Documents (after lowercasing and tokenizing words, removing punctuation):

  • D1: “the night is dark and the moon is red”
  • D2: “the moon in the night is red”
  • D3: “i can see moon is red the night is dark”

Step A — Construct Word Sets / Vectors (Unified Vocabulary)

Vocabulary (unique words across D1–D3): {the, night, is, dark, and, moon, red, in, i, can, see} (11 words)

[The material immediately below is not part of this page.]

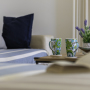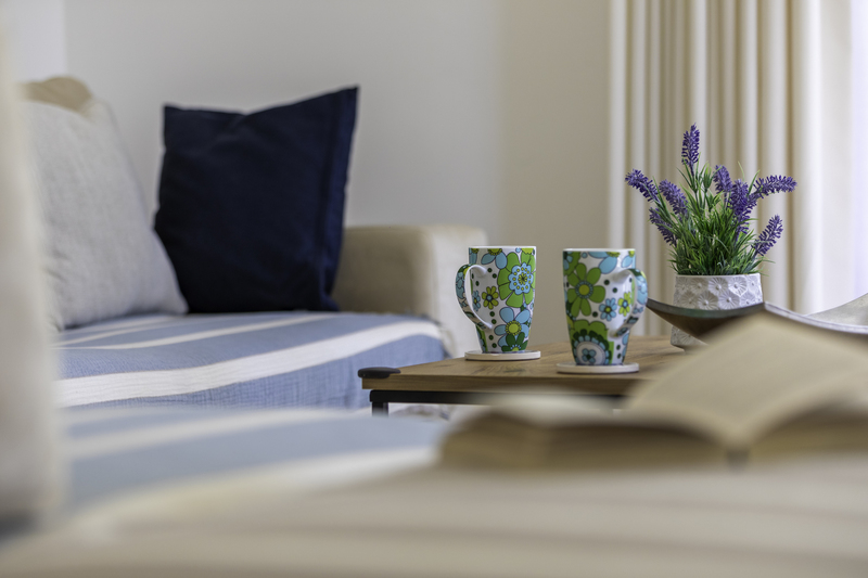 The living room door opens into a light and airy space, with an L-shaped sofa, an ottoman and coffee table. The wall mounted smart TV gives you access to Netflix as well as other viewing options.

i) Jaccard Similarity (Set of Words)

Set(D1) = {the, night, is, dark, and, moon, red}

Set(D2) = {the, moon, in, night, is, red}

Set(D3) = {i, can, see, moon, is, red, the, night, dark}

Compute pairwise Jaccard:

  • D1 ∩ D2 = {the, night, is, moon, red} → size 5; D1 ∪ D2 size = 8 → J(D1,D2)=5/8=0.625
  • D1 ∩ D3 = {the, night, is, moon, red, dark} → size 6; union size = 9 → J(D1,D3)=6/9≈0.6667
  • D2 ∩ D3 = {the, moon, is, red, night} → size 5; union size = 8 → J(D2,D3)=5/8=0.625

ii) Cosine Similarity (TF Vectors)

Use term frequency (counts). Order: the, night, is, dark, and, moon, red, in, i, can, see:

  • TF(D1) = [1, 1, 1, 1, 1, 1, 1, 0, 0, 0, 0] (Norm √7)
  • TF(D2) = [1, 1, 1, 0, 0, 1, 1, 1, 0, 0, 0] (Norm √6)
  • TF(D3) = [1, 1, 1, 1, 0, 1, 1, 0, 1, 1, 1] (Norm √9)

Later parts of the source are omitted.